Scale Effect of Surface Asperities on Stick-Slip Behavior of Zinc- Coated Steel

Stick-slip behavior between friction pairs causes severe vibration problems such as abrasion and noise pollution, leading to material loss and deterioration in human health. This phenomenon is extremely complex because the surfaces of friction pairs have various asperities with different sizes. Therefore, it is of importance to understand the scale effect of asperities on the stick-slip behavior. Here, we selected four kinds of zinc-coated steels with multiscale surface asperities as a presentative example to reveal what types of asperities play the key role in affecting the stick-slip behavior. It is discovered that the stick-slip behavior is dominated by the density of small-scale asperities rather than largescale asperities.

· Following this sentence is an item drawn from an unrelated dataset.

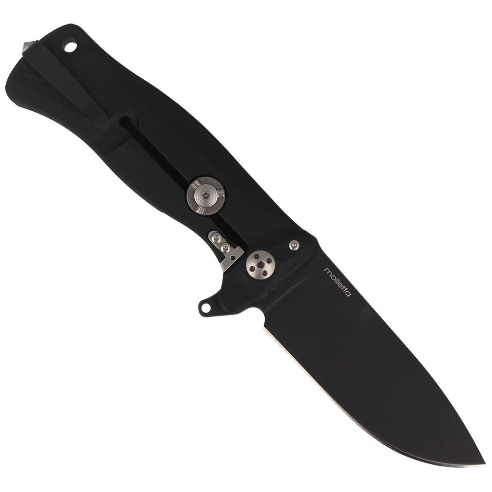 - SR11A Black Aluminum, Black Blade folder from Italian manufactory LionSteel with exclusive Solid technology. Blade made of Sleipner Swedish high-alloy tool steel with high wear and chipping resistance. Frame-Lock, RotoLock head locks

High-density small-scale asperity increases the potential energy between asperities of the friction pairs, which leads to stick-slip behavior. It is suggested that decreasing the density of small-scale asperity on the surface significantly suppresses the stick-slip behavior. The present study reveals the scale effect of surface asperities on the stick-slip behavior and thus could offer a pathway to tailoring the surface topography of a wide range of materials for suppressing the stick-slip behavior.

Automated summary

Stick-slip behavior between friction pairs can cause severe vibration problems, leading to material loss and health deterioration. This study investigates the scale effect of surface asperities on the stick-slip behavior using zinc-coated steels with multiscale surface asperities. It is found that the stick-slip behavior is dominated by the density of small-scale asperities, and decreasing this density can significantly suppress the stick-slip behavior. This research provides insights for tailoring surface topography to mitigate stick-slip behavior in various materials.